E é no terceiro aspeto que reside o busílis da questão: Marcelo quer garantias de isenção no processo de venda da empresa, nomeadamente quer que seja tornado claro que todos os contactos anteriores à elaboração do caderno de encargos feitos pelo Governo com possíveis compradores não são negociações vinculativas, e quer que esses contactos fiquem registados. No seu entender, isso é fundamental para garantir a “prova da cabal isenção dos procedimentos”.
Marcelo não quer que o decreto aprovado pelo Governo, que enquadra a privatização da empresa e que tem força de lei, seja mais ‘branco’ do que o caderno de encargos que será aprovado posteriormente, e que não tem força de lei.
No dia em que Fernando Medina anunciou a privatização da TAP, a 28 de setembro, o Presidente da República já tinha feito referência a aspetos que constam da mensagem que acompanha o veto desta sexta-feira, nomeadamente no que respeita aos contactos com os eventuais concorrentes à privatização: “Haverá um caderno de encargos e os contactos anunciados pelo ministro das Finanças. E desses contactos nascerá o caderno de encargos, e o caderno, uma vez estabelecido, vai estabelecer as regras que irão até ao fim, ao termo da decisão”. Daí que Marcelo considerasse que tinha de “saber se as garantias essenciais para a salvaguarda do interesse nacional constam da lei ou do caderno de encargos”, pois “uma coisa é constar da lei, outra de um conjunto de regras administrativas”. Isto porque a lei, segundo explicou, tem mais força e perenidade no tempo do que o caderno de encargos.
No dia seguinte, em declarações aos jornalistas, Marcelo voltava a levantar estas questões dando a entender que, se o decreto-lei do Governo fosse demasiado vago, isso seria como passar um “cheque em branco” para o caderno de encargos. Ou seja, o Presidente da República queria uma legislação que lhe permitisse antecipar as regras da privatização. E perguntava: “Há referência a valores ou não no decreto-lei? Há referências a pagamentos ou prazos?”. E acrescentava mais uma dúvida que queria ver esclarecida: "Há referência a condições que salvaguardem e protejam o interesse nacional, sim ou não? Está na lei ou no caderno de encargos?”, insistia. Este viria a ser o primeiro ponto para justificar o veto: “Se uma lei não tiver nada sobre isso, é uma lei em branco, atira para o caderno de encargos. Se porventura tiver o básico do básico, o caderno tem de respeitar a lei, que tem mais força do que um documento administrativo”.

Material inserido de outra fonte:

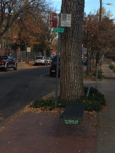 Keywords: bus busstop transit station rtd denver signage bench streetfurniture streettrees tree adopt sponsor sponsorship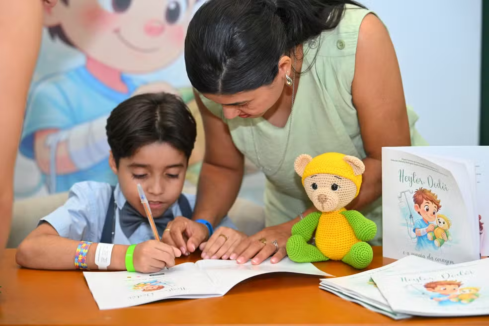 Heytor Carreiro da Costa, de 11 anos, participou recentemente do lançamento do livro “Heytor, Dodói e a Magia da Coragem”, que retrata sua própria história de vida no Hospital Unimed Primavera, em Teresina. A narrativa infantil surgiu a partir da convivência entre o menino, sua família e a equipe de saúde, representando o que a Unimed Teresina chama de seu Jeito de Cuidar. Heytor esteve acompanhado do seu inseparável ursinho de pelúcia, Dodói, presente que ganhou da avó Marinete e que o acompanha desde os primeiros dias de vida, sendo companhia constante durante consultas, exames e internações.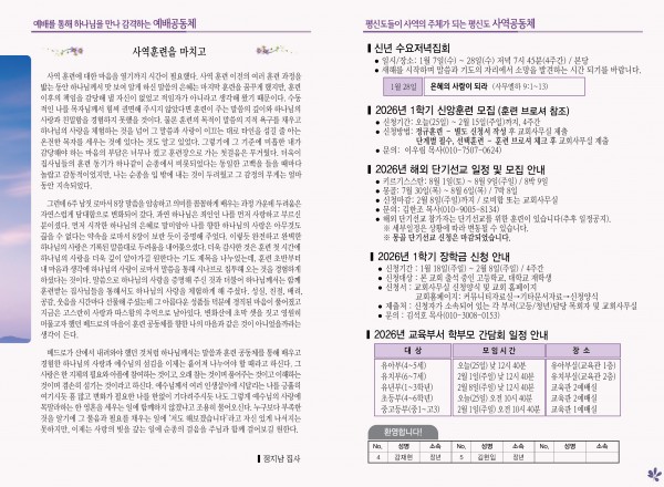2026년 1월 25일 주보 페이지 정보 작성자 관리지기 작성일26-01-24 10:35 조회538회 댓글0건 관련링크 목록 본문 2026년 1월 25일 주보 댓글목록 등록된 댓글이 없습니다. 목록
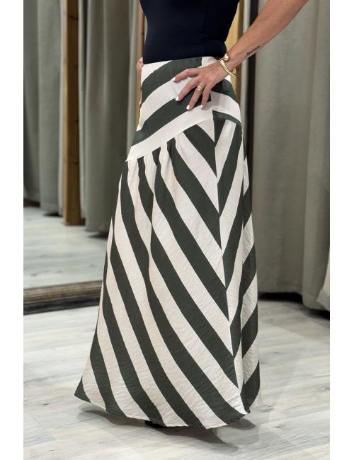 Long, flowing flared skirt. Printed with wide diagonal stripes. Elasticated waistband that adapts to different sizes. A stylish, cool, unique and fun skirt, perfect for your summer and mid-season looks.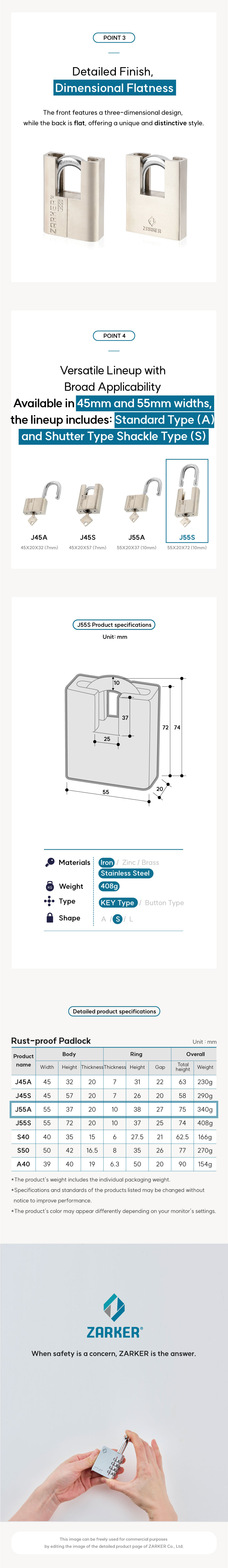 J55S ZARKER® Rustproof Padlock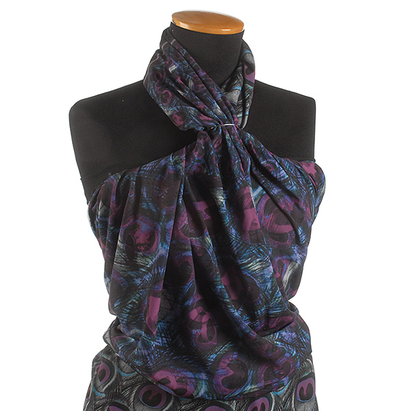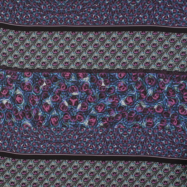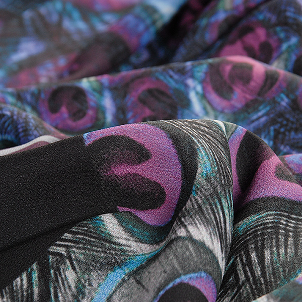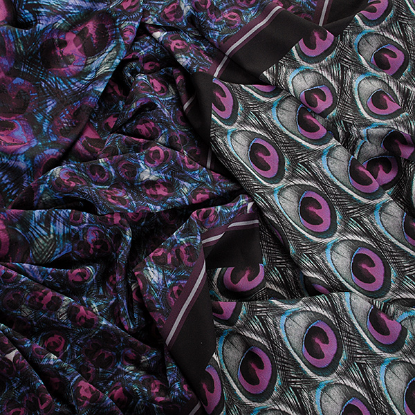 Krepdešín - jemný krepdešín s žebrovým povrchem ve světle modré barvě a tiskem pavých per. Krepdešín látka je splývavá a není průsvitná a je pružná svou vazbou. Krepdešínová metráž dobře drží švy a je velmi oblíbená na elegantní vzdušné halenky, tuniky, šaty či luxusní spodní prádlo.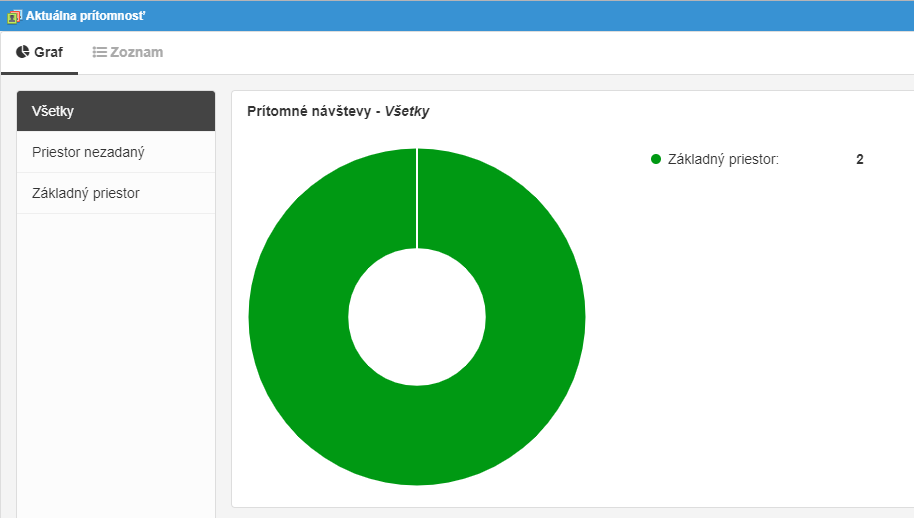 Obrazovka zobrazuje údaje o aktuálne prítomných návštevách, resp. štatistiku za aktuálny deň.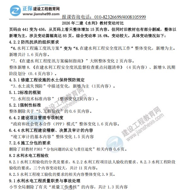 2026年二級建造師《水利實務(wù)》新教材變動梳理出爐!建設(shè)工程教育網(wǎng)教務(wù)團(tuán)隊拿到教材后第一時間為大家梳理變動詳細(xì)內(nèi)容,經(jīng)核對,2026年水利實務(wù)科目整體變動約18.6%,教材變動內(nèi)容如下,更多變動解讀請關(guān)注8月27日19:00孫琦老師直播間!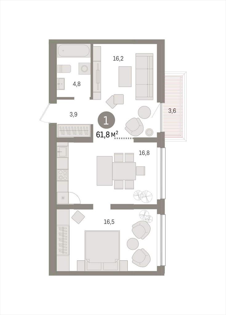 | Квартира с кухней-гостиной и одной спальней в жилом районе «Зарека». Особенности планировки: вид во двор, предчистовая отделка, балкон.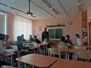 Так же в рамках проекта «Духовно-нравственное воспитание в молодёжной и подростковой среде» Андрей Владимирович Поповкин, кандидат философских наук, заведующий кафедрой философии Института истории, археологии и этнографии ДВО РАН провёл несколько бесед с учениками старших классов школы № 25 г. Владивостока. «Духовный смысл брака (или почему человек не кролик)» - так называлась одна из бесед. Андрей Владимирович обратил внимание школьников на то, как христианство понимает смысл любви. Тема ещё одной беседы была необычной, но интересной для подростков: «Почему (и какие) нам нужны духовные ценности для счастья?». Получилась довольно острая дискуссия. Ребята пытались найти ответы на вопросы: «Достаточно ли удовольствий для счастья?», «Жить нужно главным. Что главное в человеке?». Также поговорили о природе человека, о том, что дружба и любовь – это реализация человеческой соборной природы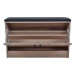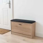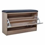 Παπουτσοθήκη ξύλινη με ένα διπλό ράφι ιδανική για να τακτοποιήσετε και να προστατέψετε τα παπούτσια σας. Διαθέτει ενσωματωμένο μαύρο μαξιλάρι και μπορεί να χρησιμοποιηθεί και ως σκαμπό. Αποτελεί πρακτική λύση για έπιπλο εισόδου.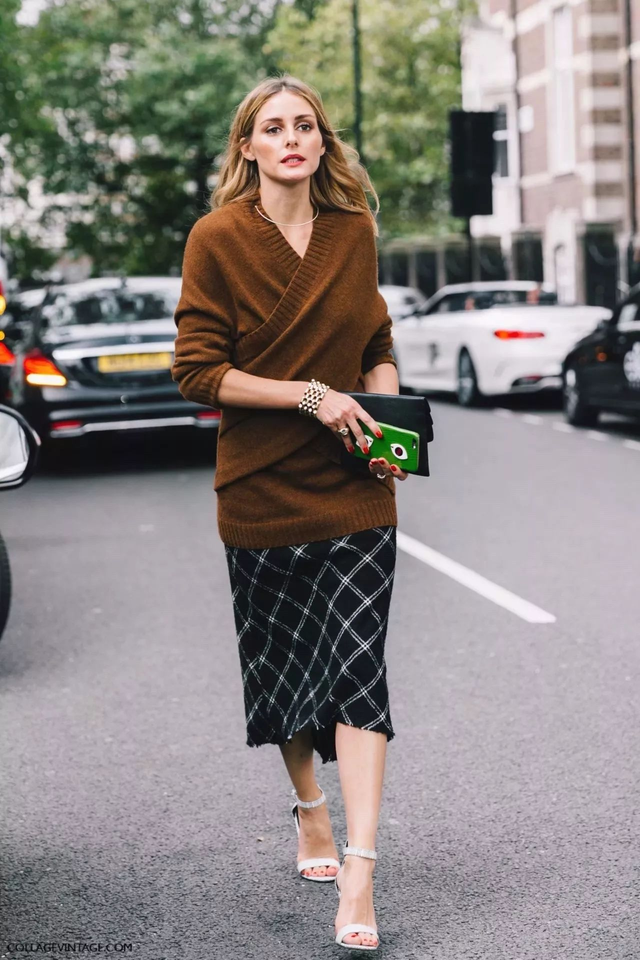 但是在搭配格纹大衣的时候,别再傻傻的单纯的穿一条黑色的紧身裤了,那样太不时尚了。绿色的格纹元素大衣与白色的裙子搭配颜色之间有碰撞,又干净又有色彩,穿起来很高级。又或者是选择直筒牛仔裤,修身掩盖了腿部的缺陷。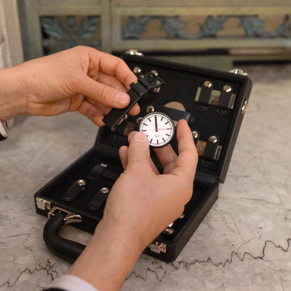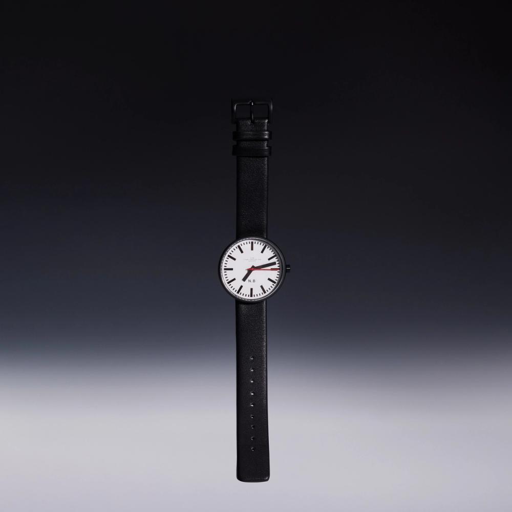 Wearable on its own or with the bag. The watch features a simple typeface and straightforward design. This minimal, thick black and white aesthetic is inspired by global trade and time keeping aesthetics in the post-WWII era.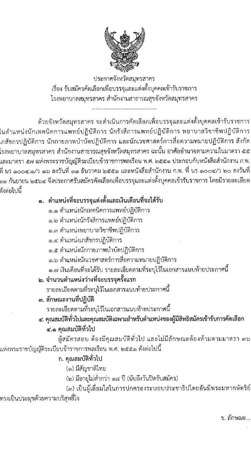 สาธารณสุขจังหวัดสมุทรสาคร เปิดสอบบรรจุเข้ารับราชการ 7 ตำแหน่ง ครั้งแรก 52 อัตรา

O veto do Presidente a um decreto do Governo pode ser ultrapassado de duas formas: o Governo altera e o Presidente aceita a nova versão, o Governo não altera e tem de levar o diploma ao Parlamento. Se a opção for levar ao Parlamento, o Presidente ainda pode voltar a vetar, mas com uma segunda aprovação por maioria absoluta tem de promulgar.